Here is the code that I came up with,

import cv2
import numpy as np
from matplotlib import pyplot as plt

img = cv2.imread('C:/Amoebe/Amoebebesser.png',0)
img = cv2.medianBlur(img,5)
ret,th1 = cv2.threshold(img,100,255,cv2.THRESH_BINARY)
plt.imshow(th1, cmap = 'gray', interpolation = 'none')
plt.show()

momentx = 0
momenty = 0
count = 0

for i in range(th1.shape[0]):
    for j in range(th1.shape[1]):
        if th1[i, j] >= 255:
            momentx = momentx + j
            momenty = momenty + i
            count = count + 1

centx = int(momentx / count)
centy = int(momenty / count)
print(centx)
print(centy)
cv2.circle(th1, (centy, centx), 1, (0, 0, 255), 2)
cv2.imshow('image', th1)
k = cv2.waitKey(0)
if k == 27:         # wait for ESC key to exit
    cv2.destroyAllWindows()
elif k == ord('s'): # wait for 's' key to save and exit
    cv2.imwrite('centerofmasstest.png', th1)
    cv2.destroyAllWindows()

From what I have read there is a lot of optimizing that could be done using numpy but I couldn't figure out how to do it. Also, I am not sure if I am actually getting the center of mass or if there are errors in my method.

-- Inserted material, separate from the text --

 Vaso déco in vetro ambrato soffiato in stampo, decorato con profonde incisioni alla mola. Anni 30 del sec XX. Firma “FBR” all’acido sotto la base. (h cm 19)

Thank you very much in advance for your time and best regards.

We can use np.where and np.average to do this easily.

# Find indices where we have mass
mass_x, mass_y = np.where(th1 >= 255)
# mass_x and mass_y are the list of x indices and y indices of mass pixels

cent_x = np.average(mass_x)
cent_y = np.average(mass_y)

EDIT: Oneliner
center = [ np.average(indices) for indices in np.where(th1 >= 255) ]

your code looks correct. I might leave the int(...) off to get a subpixel resolution centroid value. the coordinate (0.0, 0.0) would be the center of the top left pixel.

apart from the numpy solution, there is cv2.moments , which can be run on contours and mask images directly, and it gives you various moment values (m00, m10, m01, ...) you can use to calculate the centroid (m10/m00, m01/m00)

m00 is count, m10 is momentx, m01 is momenty.